Sunday, December 21, 2008

On the Road with Werner Herzog!

Pilgrimage, 2001

It seems to me that if there is one subject for which Herzog's particular style of filmmaking is most perfectly suited, it must be the observation of pilgrims on the painful, suffering road to the adoration of their God. My first taste of these extraordinary pilgrimages made by the inconceivably devout was in his 2003 film, *Wheel of Time* Here we watch monks travel a road of up to 3000 miles to their ordination in Tibet. And they don't just walk the road, they travel it in protestations. That is, each step is taken through bowing and touching the ground with the face or the hands in a gesture intended to dispel arrogance and pride.

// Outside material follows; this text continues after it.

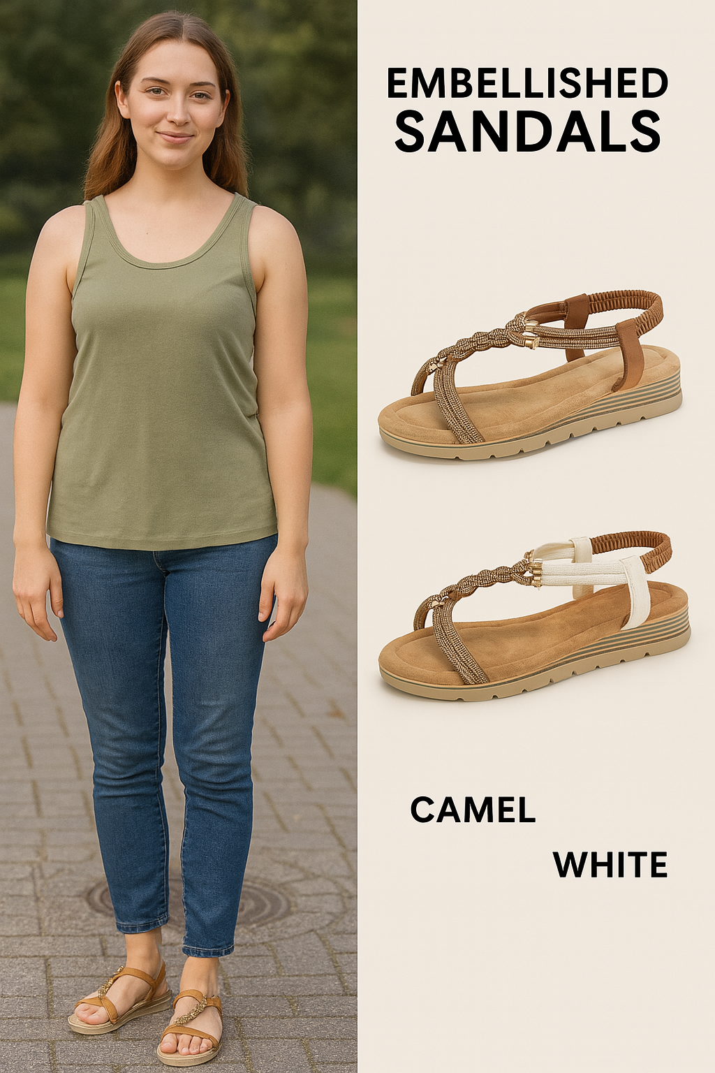 Comodidad y elegancia en un solo diseño. Esta sandalia plana destaca por su suave plantilla acolchada y tiras decoradas con pedrería brillante que le dan un toque glamuroso. Ideal para looks veraniegos, días de paseo o eventos casuales. Su elástico trasero asegura un ajuste perfecto y fácil de poner.

Tonight I saw an earlier short film, Pilgrimage in which the pilgrims make their way in protestation or on their knees to a variety of idols: the Virgin of Guadalupe, the tomb of Saint Sergei in Zagorsk/Russia and others. We watch in agony as the devout suffer physically to serve the depth and profundity of their spiritual and religious belief. The pilgrims are known to develop lesions on their hands and knees, making movement sometimes so difficult that they must be held up by someone on either side.

All the time, the music of John Tavener plays on the soundtrack. And what more perfect sound to accompany the pilgrims as they transcend the incredible affliction of the body in pain, in order to strengthen the spirit and acknowledge the profundity of their religious commitment.

Though he may seem a long way from the pilgrims crippled by their devotion, I am again reminded of Aguirre. Like them, he has a goal that is inconceivable to most of us - just not worth the effort. And he is so driven and committed to that goal, that nothing will stand in his way. As in *Aguirre, Wrath of God,* it is the task of the filmmaker in *Pilgrimmage* to watch these seemingly irrational behaviors with utmost respect, bestowing on its subjects a dignity and a faith in their motivations, their beliefs. And just like his great Romantic wanderers - Aguirre, Fitzcarraldo, Nosferatu, Kaspar Hauser - Herzog's religious pilgrims succeed in their journey, but at what cost. They reach their goal, that is true. Here, however the film makes it clear that the longing, and the desire, are the dream of a world always out of reach, a world and a life overrun by conflict, in this case between the body and the spirit.